The OGCIO response continued with the proviso that it used the ITU-funded “the ICB4PAC Model Skeleton For Legislations on Electronic Crimes” as a reference document. Aside from a single substantive change, this legislation appears to so closely mirror the ‘skeleton’ that it is almost indistinguishable.

OGCIO stated that the “Vanuatu legal framework was benchmarked against the Penal Code Act” as well as other salient legislation. But rather than aligning with the Penal Code and avoiding repetition, it creates contradictions that will be worrying for many.

In particular, its version of defamation is broader than the existing definition, appears to lack free speech safeguards, and effectively increases the maximum penalty from three years to five.

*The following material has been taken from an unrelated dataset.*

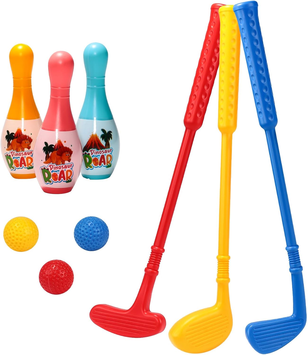 per l'allenamento in cortile, gite al parco o avventure di viaggio, facile da trasportare per divertimento in viaggio in famiglia Il set da bowling da golf per bambini con design garantisce un gioco sicuro, con mazze da golf per un facile swing Il club da golf adatto per bambini in crescita, uso condiviso in famiglie o attività di gruppo, divertimento al chiuso o all'aperto Grea tfor bambini dai 3 anni in su per praticare le abilità di golf in modo sicuro all'interno o all'aperto, supportato da materiali morbidi che riducono gli impatti L'ABS selezionato e la struttura rinforzata resistono al gioco energico, mentre l'impugnatura ergonomica favorisce le corrette tecniche di swing nei bambini golfisti

The Council of Europe report raises concerns about these attempts at policing online behaviour. “They also criminalize cyberstalking, described as ‘annoying or insulting messages’. Each of these categories are poorly defined and overly broad in application.”

Vanuatu’s cybercrime bill appears to say that a person can be imprisoned for repeatedly annoying someone. What constitutes an annoyance is left open to interpretation.

These model laws are bad for business as well, the report argues. “Notably, they criminalize any failure by a provider (regardless of jurisdiction) to take down any information regardless of its legality. Effectively, administrative authorities have absolute discretion to seek removal of any information or content whether legal or illegal or be subject to criminal liability. The providers subject to such criminal sanction are unique and include absurd definitions of hyperlink providers, search engine providers, hosting providers and access providers which are technically and legally incorrect, confusing, ambiguous, overlapping and so broad that they could include homes and individuals.”

The Daily Post requested a response to the Council of Europe report from OGCIO. The reply stated that “we did have some concern about the ICB4PAC program”, and insisted that their legislation was substantially different from that of Tonga and Nauru.

Tonga’s cybercrime bill is not yet published, but a brief examination of Nauru’s shows that it has been significantly expanded, with numerous additions and clarifications added to text that resembles that in the model law.

The Daily Post contacted Professor Eric Colvin, head of USP’s School of Law. He responded by forwarding a written submission that he had made to OGCIO, which suggested that the language concerning pornography was overbroad and subject to misinterpretation.

“It is questionable,” he wrote, “whether the law should become concerned with private possession and whether scarce resources should be devoted to pursuing and suppressing it.”

He said that his comments “were submitted to the drafters some time ago but have been ignored”.

OGCIO insisted however that they had taken note of his input and that “some of the sentences for offences were also revised based on his comments”.

The Daily Post made repeated requests for a list of stakeholders to whom the OGCIO had circulated the draft bill, but was told, “We did circulate the bill to all interested parties”.

A search of regional and national ICT discussion groups failed to find any requests for input on the draft bill. Likewise, a records search of Daily Post articles, press releases and notifications turned up nothing concerning a request for input on the draft bill.

In contrast, multiple inputs were actively solicited within the ICT community and the media for the RTI Act and the National ICT Policy.

It is not clear where copies of the cybercrime bill are best obtained. The Daily Post received its copy following a series of requests to the OGCIO. A copy of the bill will be downloadable on the online version of this article on the Daily Post website.